Nvidia data center sales increased 55% on demand for AI chips

November 19, 2021: -On Wednesday, Nvidia stock increased over 5% in extended trading after it reported earnings for its third fiscal quarter that beat expectations for both earnings and sales.

The company issued a bullish forecast for revenue in the quarter ending in January.

Nvidia said it expects to report nearly $7.4 billion in the current quarter, ending in January, higher than analysts expected $6.86 billion.

Nvidia stock has been on a big run, with shares up over 124% year to date. The company had demanded that it could fill, especially for its hard-to-find GeForce graphics cards popular with gamers.

The company is making significant gains in data centers, where cloud providers and big enterprises are turning to Nvidia’s graphics processor for artificial intelligence applications.

Nvidia is reporting $2.9 billion in data center sales, up 55% from $1.9 billion in the same quarter in the previous year. Nvidia CFO Colette Kress wrote that GPU sales drove the growth to “hyperscale customers,” an industry term that means cloud providers like Amazon AWS, Microsoft Azure, and Google Cloud.

Kress said customers use the chips for tasks such as understanding human speech and crunching data to offer customer recommendations.

Gaming, Nvidia’s biggest market, reported $3.2 billion in sales, up 42% from $2.27 billion in the same quarter in the previous year. The company said it was primarily because of increased sales of its GeForce consumer graphics processors, but the supply remained limited.

The company said that Nvidia’s gaming graphics cards now have software that prevents them from being used for cryptocurrency mining. Nvidia introduced dedicated graphics cards for crypto mining earlier this year to help meet some of the demand. It said it sold $105 million in cryptocurrency-specific graphics cards, down from $266 million in the quarter ending in August.

Nvidia’s automotive business remains a small part of its sales, even as rival chipmakers invest heavily in the hope that it becomes a multibillion-dollar market in the next decade.

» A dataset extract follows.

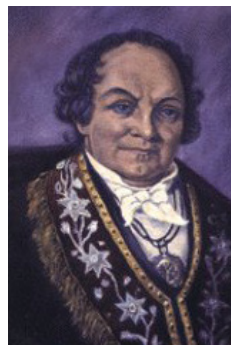
Thomas Wildey f. 15.1.1783 d. 19.10.1861

Thomas Wildey var vagnsmed till professionen och övermästare i ett par loger i England. På grund av dåliga tider emigrerade han till Amerika och saknade då sina Odd Fellowbröder. Han lyckades där finna några likasinnade och den 26 april 1819 kunde han tillsammans med dessa bröder instituera logen nr 1 Washington i Baltimore, på världshuset "Seven Stars", som blev första hemvist för Orden.
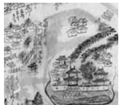
高槻城と西国街道を描いた絵図

Nvidia said automotive sales were $135 million, up 8% annually but 11% from the previous quarter. Nvidia said the sequential decline occurred because automakers had other supply constraints, but self-driving programs using its processors continue to ramp up.

Nvidia’s professional visualization product line increased 144% annually to $577 million. That business is primarily high-end graphics processors for professionals, and the segment continues growing as firms buy powerful laptop workstations for their staff to use at home.